Что же в Кандалакше? Я листаю «Объяснительную записку к годовому отчету заповедника» и вижу, что лекций для населения Ирина Патрикиевна прочитала столько же, сколько директор, статей напечатала в газетах столько же, сколько зам по науке, а интервью корреспондентам (есть у них и такой пункт) дала столько же, сколько секретарь партбюро. (Кстати, если останется этот пункт в будущем году, то я сильно продвинул им выполнение плана, поскольку взял там десяток интервью.) Можно ли признать все это «общественной работой»? Не знаю, ясности в терминологии нет, социологи спорят, во многих анкетах берутся в расчет только выборные посты. Что ж, избирали эту женщину в ревизионную комиссию месткома, и в культурно-массовую, и была она редактором стенгазеты, была членом окружной избирательной комиссии... Выходит, сведения о ней попросту ложны. Даже с самой формальной точки зрения. Выходит, нагрузок-то хватало у нее.

Но мы уже торгуемся. Я ловлю себя на том, что и сам заразился Кандалакшским подходом. Они, значит, скажут: пассивна. А я им: активна. Они скажут: слабо участвовала. Я скажу: не слабей других. Они мне: мало нагрузок. Я им: много. А сколько надо? Сколько будет «в аккурат»?

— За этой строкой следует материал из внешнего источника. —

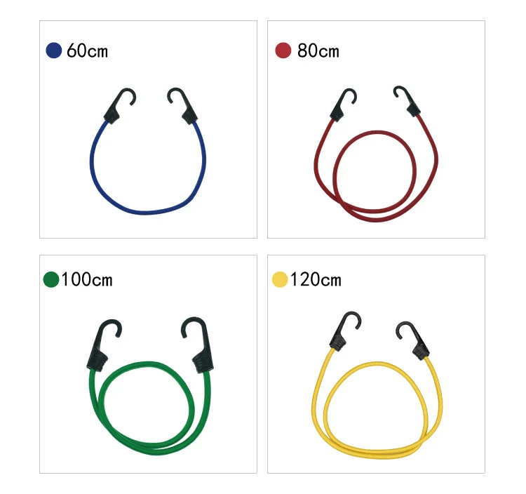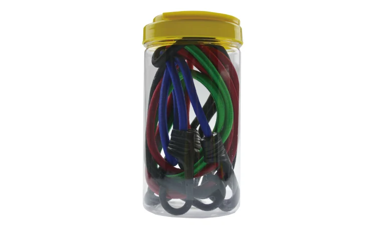 Description | 4 pieces plastic shell hook elastic rope bungee cord set in plastic can |

За билетами ездила в тот раз зоолог Хлызиа. Работает она в музее заповедника, вот ее должность. Кроме того, вы помните, участвует в самодеятельности. Еще она опекает медведей, охотники привезли и малышами, пришлось выпаивать с рук, все дни недели прибегать к ним, потому - выходных они не понимают». Сейчас это полуторагодовалые сильные звери, Хлызина входит в клетку: «Мишка, поцелуй Машку. Не так, дурень, по-хорошему!.. Теперь ладушки. Пляши, Маша... Попрыгаем!» — ходуном ходит клетка. Дома у Хлызиной лосенок Лозя, нелепый и грациозный. Его привезли недельным, в лесу без матери он бы погиб, и пришлось взять, потому что заповедник отказался от него, и вот живет, ходит всюду за хозяйкой, просит манной каши. Со шкафа покрикивает на него сойка, по прозвищу Мотя. Само собой, крутятся вокруг юннаты, самые хулиганистые мальчишки, которым некогда теперь хулиганить; при мне примчались двое с великой новостью: «Чибис прилетел!» Еще Хлызина (обычно до работы) ловит лягушек, ящериц, змей — это ее научная тема. И растут у нее два сына, что, по моему скромному разумению, для служащей женщины «нагрузка» предостаточная.

- А какую вы ведете общественную работу?

- Никакой,— сказала Хлызина.— Наверное, никакой...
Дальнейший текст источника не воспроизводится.